This example is a 4-dimensional geometric brownian motion. The code
for the torchsde version is pulled directly from the
torchsde README
so that it would be a fair comparison against the author's own code.
The only change to that example is the addition of a dt
choice so that
the simulation method and time step matches between the two different programs.
The SDE is solved 100 times. The summary of the results is as follows:
- torchsde: 1.87 seconds
- DifferentialEquations.jl: 0.00115 seconds
This demonstrates a 1,600x performance difference in favor of Julia on the Python library's README example. Further testing against torchsde was not able to be completed because of these performance issues.
We note that the performance difference in the context of neural SDEs is likely smaller due to the ability to time spent in matrix multiplication kernels. However, given that full SDE training examples like demonstrated here generally take about a minute, we still highly expect a major performance difference but currently do not have the compute time to run a full demonstration.
Thanks! I updated the timing: it was closer to 2 seconds on my machine.
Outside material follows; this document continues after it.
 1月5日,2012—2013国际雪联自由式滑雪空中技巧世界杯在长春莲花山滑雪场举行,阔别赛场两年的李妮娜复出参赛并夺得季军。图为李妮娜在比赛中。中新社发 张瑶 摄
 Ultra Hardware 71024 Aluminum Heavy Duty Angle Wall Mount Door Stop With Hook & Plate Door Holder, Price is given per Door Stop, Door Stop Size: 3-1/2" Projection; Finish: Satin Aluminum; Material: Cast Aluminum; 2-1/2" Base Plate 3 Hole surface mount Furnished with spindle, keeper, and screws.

Nicely done.
I would be cautious with saying only your application are real: there are probably orders of magnitude more people doing mathematical finance, model-informed drug development, and systems biology with SDEs than training neural SDEs for image processing (at least right now), and those disciplines naturally arrive at more heterogeneous models that cannot always be expressed in matmuls. So that statement that the only real SDEs are dominated by matmuls is probably more inflammatory than you mean it to be, so I'd tone it down a bit.
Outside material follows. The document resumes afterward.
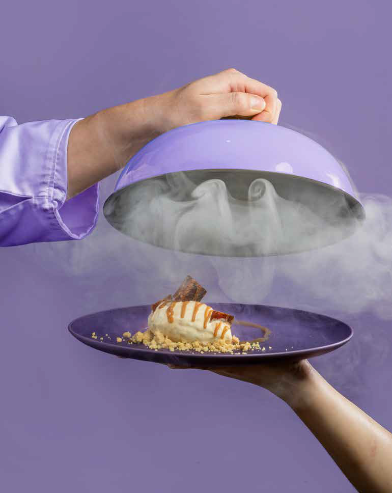 - 8접시에 헤이즐넛 크럼블을 깐 뒤, 카라멜 리본을 퀴넬 모양으로 올린다. 그 위에 차콜 플레이버 카라멜을 뿌리고, 마지막으로 캔디드 베이컨을 울려준다.

That of course doesn't contradict the fact that as
f
org
grows in cost, like in a neural SDE, the cost of the other pieces are covered by the matmuls and so you can just count drift and diffusion calls to estimate the total cost: that is asymptotically true. I don't think it's an issue to point out that this can be an issue for someone just trying to pick up torchsde as a general-purpose SDE solver, even though it is outside of the realm you generally focus on. I did this little bit of benchmarking because some particle physicists were curious how it would benchmark on 3 complex SDE systems (so 6 real SDEs), meaning that this benchmark is quite close to their use case and is a notable result. That said, the fact that torchsde does not store the noise for the reverse pass of an adjoint does mean that if the noise is sufficiently large enough to not fit in memory (and bigger issue for GPU memory), then there are cases where torchsde will be faster. It's not incompatible statements to say different algorithms are optimized for different performance regimes.That said, I will note that the current results are being nice to torchsde by not fully specializing on this domain. It is known that the noise format used in StochasticDiffEq is ~5x from optimal on fixed time step problems, so I could accelerate these benchmarks more by dispatching over to another implementation which is only for fixed time step (https://diffeq.sciml.ai/stable/solvers/sde_solve/#BridgeDiffEq.jl-1), but that felt unnecessary to benchmark because the case I wanted to get to was adaptivity anyways (though for small enough equations I think the difference is clear enough). That just goes to showcase though that it's not about single implementations but optimizing a whole range of implementations to different performance regimes under different assumptions.
What to do about torchsde on these CPU-only jobs? I'm not sure: the torch JIT doesn't seem to do very well on this regime at all. I'd take the IR and write my own SLP vectorizer on it.